◆ Assignment
All of the data is to be written out again exactly, without the pictures.

◆ Input data
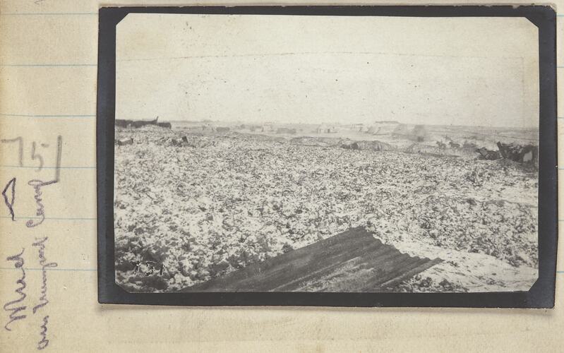 Hand-written in pencil on the secondary support on the left side of the photograph: '751' Hand-written in pencil on the secondary support on vertical to the left side of the photograph: 'Mud [triangle symbol / our [illegible] Camp'
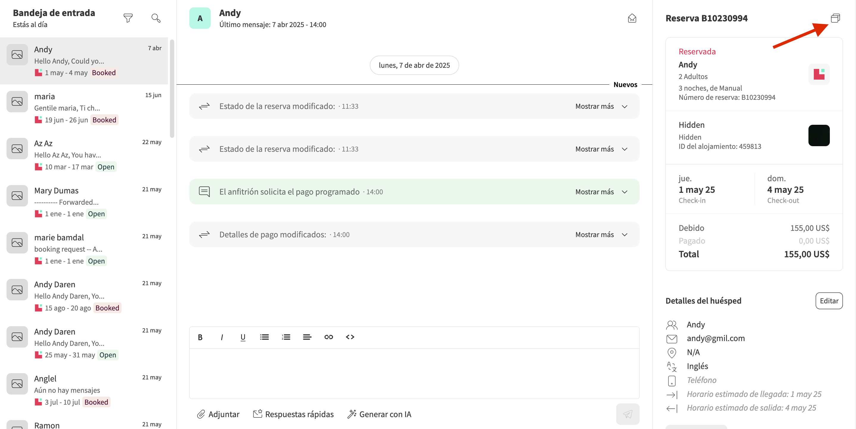 Siempre que abras un mensaje, vendrá acompañado de cualquier detalle relevante de la reserva, que se mostrará a la derecha del contenido del mensaje. Para ver o administrar más detalles de la reserva, haz clic en el ícono 'abrir reserva' a la derecha del ID de la reserva.
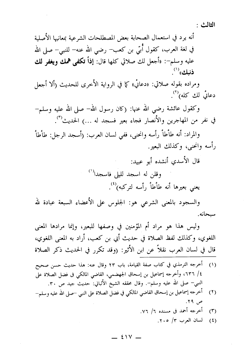 وليس هذا هو مراد أم المؤمنين في وصفها للبعير، وإنما مرادها المعنى اللغوي، وكذلك لفظ الصلاة في حديث أبي بن كعب رضي الله عنه أراد به المعنى اللغوي، قال في لسان العرب نقلا ً عن ابن الأثير: (وقد تكرر في الحديث ذكر الصلاة
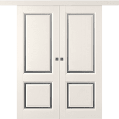 Межкомнатная дверь Платинум 2 Эмаль жемчуг Купе двойное со стеклом

◆ Solved problem
 Hand-written in pencil on the secondary support on the left side of the photograph: '751' Hand-written in pencil on the secondary support on vertical to the left side of the photograph: 'Mud [triangle symbol / our [illegible] Camp'
 Siempre que abras un mensaje, vendrá acompañado de cualquier detalle relevante de la reserva, que se mostrará a la derecha del contenido del mensaje. Para ver o administrar más detalles de la reserva, haz clic en el ícono 'abrir reserva' a la derecha del ID de la reserva.
 وليس هذا هو مراد أم المؤمنين في وصفها للبعير، وإنما مرادها المعنى اللغوي، وكذلك لفظ الصلاة في حديث أبي بن كعب رضي الله عنه أراد به المعنى اللغوي، قال في لسان العرب نقلا ً عن ابن الأثير: (وقد تكرر في الحديث ذكر الصلاة
 Межкомнатная дверь Платинум 2 Эмаль жемчуг Купе двойное со стеклом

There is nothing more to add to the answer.